Apartheid’s over. Really?: Blade Nzimande

2013-04-14 10:00

How does one quantify the effects of nearly three and a half centuries of bondage?

It is understandable for those who benefited from apartheid to pretend its legacy is dead and gone.

It is probably a comforting thought and relieves them of responsibility to redress past wrongs. Perhaps that’s why sections of our media positively drooled over what they interpreted as Minister Trevor Manuel saying apartheid was no longer to blame for South Africa’s problems.

Usually, when we talk about the negative effects of apartheid, we are using the phrase to refer to more than just the ills of the period 1948 to 1994.

We are referring to the entire period of colonial and settler rule in South Africa. This period of white supremacy was long and, for black South Africans, extremely oppressive. It began 361 years ago when the first European settlers arrived at the Cape.

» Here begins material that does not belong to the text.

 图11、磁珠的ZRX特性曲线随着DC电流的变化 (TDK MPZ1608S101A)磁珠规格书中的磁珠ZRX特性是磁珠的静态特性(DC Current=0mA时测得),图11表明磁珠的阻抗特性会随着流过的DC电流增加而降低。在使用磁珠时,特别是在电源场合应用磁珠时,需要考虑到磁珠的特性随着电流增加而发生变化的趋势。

It included various forms of bondage for black people, including slavery and various forms of legally sanctioned oppression, of which apartheid was only the last.

For the past century and a half, racial oppression was a means of entrenching a capitalist cheap-labour system. Racial oppression – like gender oppression – served the purpose of intensifying capitalist exploitation and ensuring a cheap, unskilled labour force at a time when unskilled labour was still very profitable to exploit.

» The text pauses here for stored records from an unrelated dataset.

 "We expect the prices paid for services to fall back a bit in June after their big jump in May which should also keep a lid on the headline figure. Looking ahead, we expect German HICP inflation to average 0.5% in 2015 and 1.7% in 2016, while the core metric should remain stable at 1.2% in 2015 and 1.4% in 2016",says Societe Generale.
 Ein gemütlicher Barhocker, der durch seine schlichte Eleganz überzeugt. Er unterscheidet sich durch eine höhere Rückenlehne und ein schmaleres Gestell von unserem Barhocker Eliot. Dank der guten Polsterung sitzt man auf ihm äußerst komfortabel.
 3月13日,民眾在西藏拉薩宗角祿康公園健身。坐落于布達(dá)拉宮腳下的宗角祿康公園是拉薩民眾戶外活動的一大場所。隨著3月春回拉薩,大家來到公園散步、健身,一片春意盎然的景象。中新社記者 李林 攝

Blacks were coercively dispossessed of most of their land. This, together with the need to pay taxes, forced our forebears to enter the cash economy as low-paid labourers.

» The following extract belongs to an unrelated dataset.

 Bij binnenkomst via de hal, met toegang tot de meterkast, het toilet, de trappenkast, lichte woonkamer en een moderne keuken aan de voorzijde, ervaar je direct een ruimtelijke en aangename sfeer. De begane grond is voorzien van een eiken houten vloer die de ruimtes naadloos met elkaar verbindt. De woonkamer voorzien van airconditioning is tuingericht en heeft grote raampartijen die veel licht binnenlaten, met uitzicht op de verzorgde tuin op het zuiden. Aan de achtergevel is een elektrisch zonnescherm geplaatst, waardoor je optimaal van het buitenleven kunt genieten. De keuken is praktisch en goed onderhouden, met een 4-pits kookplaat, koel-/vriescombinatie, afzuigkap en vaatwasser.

Racist laws and practices excluded them from most trades and professions. They were not allowed to become apprentices (and consequently artisans), let alone architects, engineers or scientists. They were restricted in where they could live, with all the most desirable areas reserved for whites. Even simple cultural activities like attending movies, going to the beach or to public parks were severely curtailed by segregation laws.

Blacks were excluded from the type of education, healthcare and social benefits that were provided for whites. Our people’s right to farm or to own a business was severely proscribed, and the pass laws deprived them of the right to move freely in their own country. Most were condemned to poverty.

They were denied the right to have any influence over government. When they established political organisations to seek justice, these were harassed and many people were imprisoned or forced into exile.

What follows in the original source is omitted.